Weymouth was a little rough but you can do it. This is how it is set up.

Monday- Run 3 miles, Weight Lift 30 min.
Tuesday- Rotates between aerobics and strength training/running
Wednesday- DT
Thursday- long run, after 5 weeks we did a minimum of 6-8 miles every Thursday- no matter what the wheather- NO EXCEPTIONS (10 miles Christmas Eve, happy holidays)
Friday-Circuit Training, Sprints, weight lifting

That was basically the routine, Keep in mind on top of that every morning after stretching you will do an ungodly amount of pushups, sittups, crunches, bicycle situps, etc. Also know that the people that slack off dictate how much they make you do, and once that is all done, you start the actual "PT"


----------



## Guest (Apr 16, 2004)

*PT is a joke*

As Marine Cop said it, PT is a joke. You don't even have to PT to graduate. I went to the plymouth academy some years ago and PT was almost non-existent then. We ran the most maybe three miles.....maybe twice/three times a week. I hear it is getting worse. Oh yea, if you can't run, don't worry, they will let you walk. I didn't complain then, because I'm no marathoner, but looking back I think differently now. The SP academy now, there is a different story!


----------



## BostonMuni (Apr 3, 2003)

I agree with everything KMF said about the T Academy, except we had the "Chief" on FRIDAYS and we got to recover from the "Chief" on SATURDAYS &amp; SUNDAYS!

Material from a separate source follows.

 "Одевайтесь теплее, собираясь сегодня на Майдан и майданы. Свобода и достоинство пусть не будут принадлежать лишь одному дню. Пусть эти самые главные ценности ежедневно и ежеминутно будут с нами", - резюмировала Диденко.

P.S. - for anyone not aware of who he is, the "Chief" is Chief Churchill of the Attleboro Fire Department (approx. 55 yrs old and by far, the push-ups champion of E. Mass in his or any age bracket!)

God, I miss his workouts, NOT! :uc: Every time I ever hear Shania Twain's "Man, I feel like a woman" and/or see someone doing jumping-jacks, I'm ready to eat a bullet. #-o T Academy Grads will know what I mean, I think.


----------



## MVS (Jul 2, 2003)

I have heard comments about the PT... "It's optional"; "can't fail the Academy if you don't do PT"... like marinecop said, once you pass the PAT you're all set. But if you're serious about the field you'll bust your ass to better yourself. Some of my friends haveattended the various academies and they always had some poor slob who would make about a 1/4 mile and call it quits for the day or do all of 6 push ups.... it's a shame. People who know me will tell you I far from in shape, but I know I SHOULD bust my ass and give 110% for the PT. 

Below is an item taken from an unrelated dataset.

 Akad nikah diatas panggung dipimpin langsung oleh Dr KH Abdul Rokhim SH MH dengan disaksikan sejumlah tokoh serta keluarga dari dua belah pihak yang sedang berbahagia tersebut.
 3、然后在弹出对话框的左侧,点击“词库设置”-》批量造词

Some guys say "Running 5 miles? for what? If I get into a foot pursuit with someone and they have a good head start, I'm just going to jump back in my cruiser and screw after them..." good point... but obviously its about physical fitness....

How is the MBTA academy on PT? I know they are one of the toughest academies (second to MSP), but would they fail someone for not completing PT??


----------



## T4567 (Jan 26, 2003)

we had a kid in our class that was bounced out of the last class because of a leg injury. since he would not be able to do PT they made him drop out and go into the next academy class.


----------